A shadow is a cooler surface than that which receives direct light.  Review the sketching handouts that illustrate cast and reflected shadows.  You will note that ALL shadows are transparent.  In other words, you can see through the cooler surface t the underneath object.

You can achieve shadows in several ways.

  1. Paint a surface. Allow it to dry.  Mix a lower intensity of the surface color making certain you do not change the value.  Paint over the surface with this coat to form the shadow.  To lower the intensity, add the compliment.  I usually make it cooler as well.
  2. Paint the surface.  While the object is still wet, add to the shadow area a small amount of the compliment color and blend it into a shadow.
  3. Paint all the shadows first wit a very high value, very transparent blue or purple.  Allow drying.  Then glaze over the top with the true color.
  4. Experiment 

In class you will draw cubes and paint them with light using the methods above.

Assignment:

  1. Draw a rock or bolder form a picture or real life that shows a lighting source.   Concentrate on the shadows and texture.
  2. Drape a piece of cloth in an interesting arrangement (if you have fabric window curtains, you may use them).  Shine a single source on the fabric, lightly sketch it and then render the composition. 

WC #6 Costume Plate

A costume rendering or plate is a drawing to communicate both for the director and artistic team and as a colored working drawing for the costume shop.  The way you render the shadow determines the weave of the fabric and how you want it to drape on the human figure.  The ways you render the highlights determine the texture of the fabric/s.  In most cases, costume plates should be done as if it is photo-realism.

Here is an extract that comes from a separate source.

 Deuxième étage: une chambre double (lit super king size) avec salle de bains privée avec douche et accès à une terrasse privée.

Photocopy the costumed figures you drew in the figure-drawing unit.  Transfer these drawings to your watercolor board or paper.  Render them. 

WC #7 Landscape

In this brief unit, you have explored the rich beauty of watercolor as a color medium that captures and recreates light.  Theatre designers, or for that matter any artist who uses the mood of lighting, should consider watercolor as a means to graphically communicate scene designs, painter elevations, property sketches, costume plates, and in some cases, lighting sketches.  In this unit, you have explored the fundamental graphic skills to communicate with watercolor.  I would not expect you to have mastered watercolor rendering.  It takes practice, which means the disciplined desire to spend the necessary time to train yourself.  Knowledge is often the product of time, patience and failures.

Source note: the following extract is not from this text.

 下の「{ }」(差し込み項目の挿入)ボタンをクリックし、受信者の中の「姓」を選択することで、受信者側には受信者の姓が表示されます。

Your last assignment is to execute a watercolor rendering of one of our drawing either from the sketching unit or from your sketchbook.  Before you do this project, you must receive my approval of the drawing you would like to render.

The following are my suggestions for attacking the painting.

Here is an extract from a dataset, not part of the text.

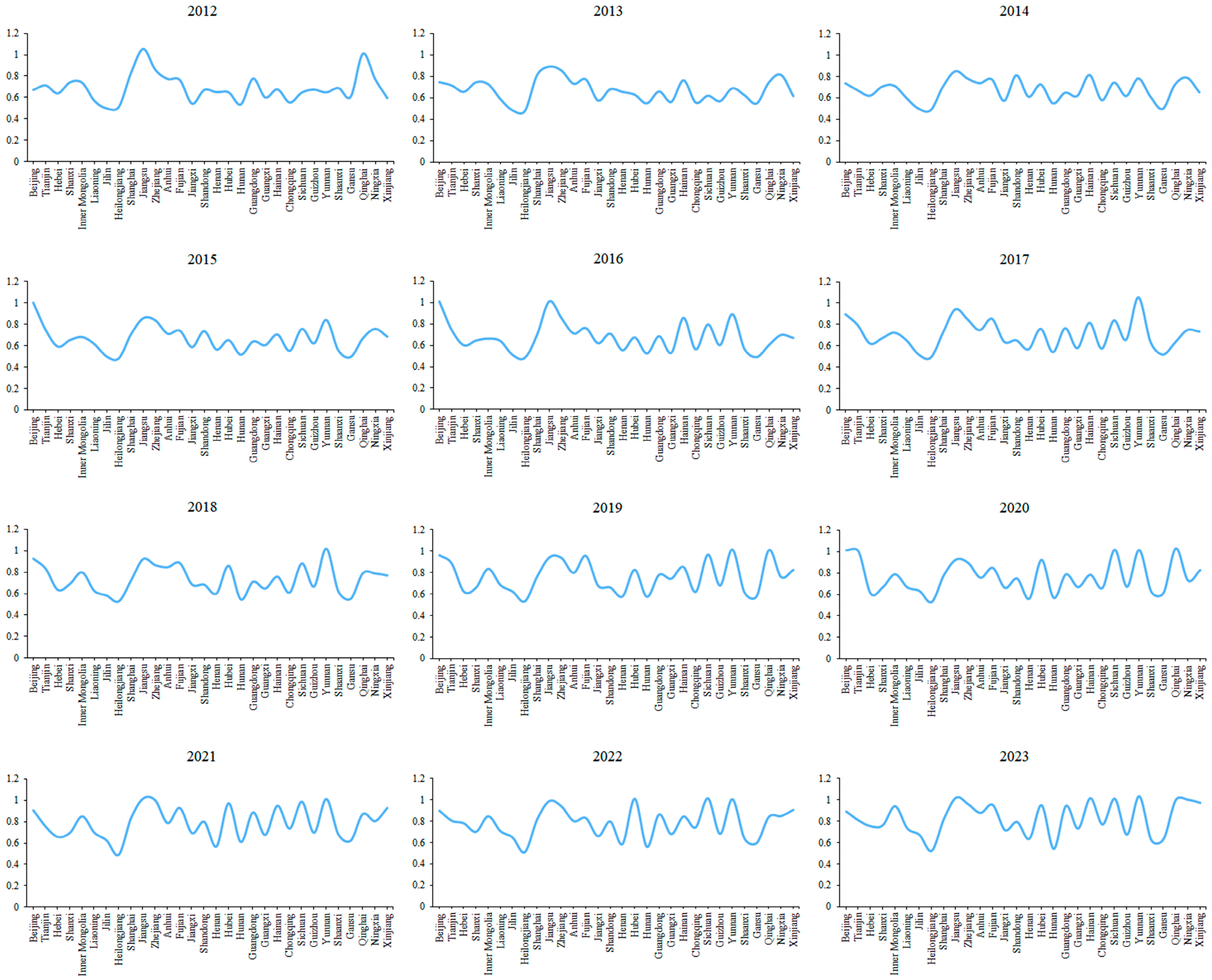 | Xinjiang | 1.139 | 1.056 | 1.126 | 0.943 | 1.046 | 1.018 | 1.060 | 1.100 | 1.048 | 1.002 | 0.956 |

Your preparation is perhaps the most important step in the process. 

Background, middle ground and foregrounds.

Just like a photograph, focus is achieved with detail.  The background is the least detailed, and then the middle ground; finally, the most detailed area is in the foreground.

Paint the background first.  It will set the tone for the painting.  In a landscape, a bright, light sky means a sunny day.  A dark sky is something different.  The background established the shadows.  Bright equals sharp shadows, etc.  Think about it.

Block in larger colored area.  This establishes an overall color sense for the painting.  It is also called a “whiteout”.  This means you eliminate all white from the painting before working on details.

Detail the middle ground objects with shadows and high lights.

Super detail the foreground area.

Do touch-ups.

Go back and add black or maybe use a colored pencil to add sharpness.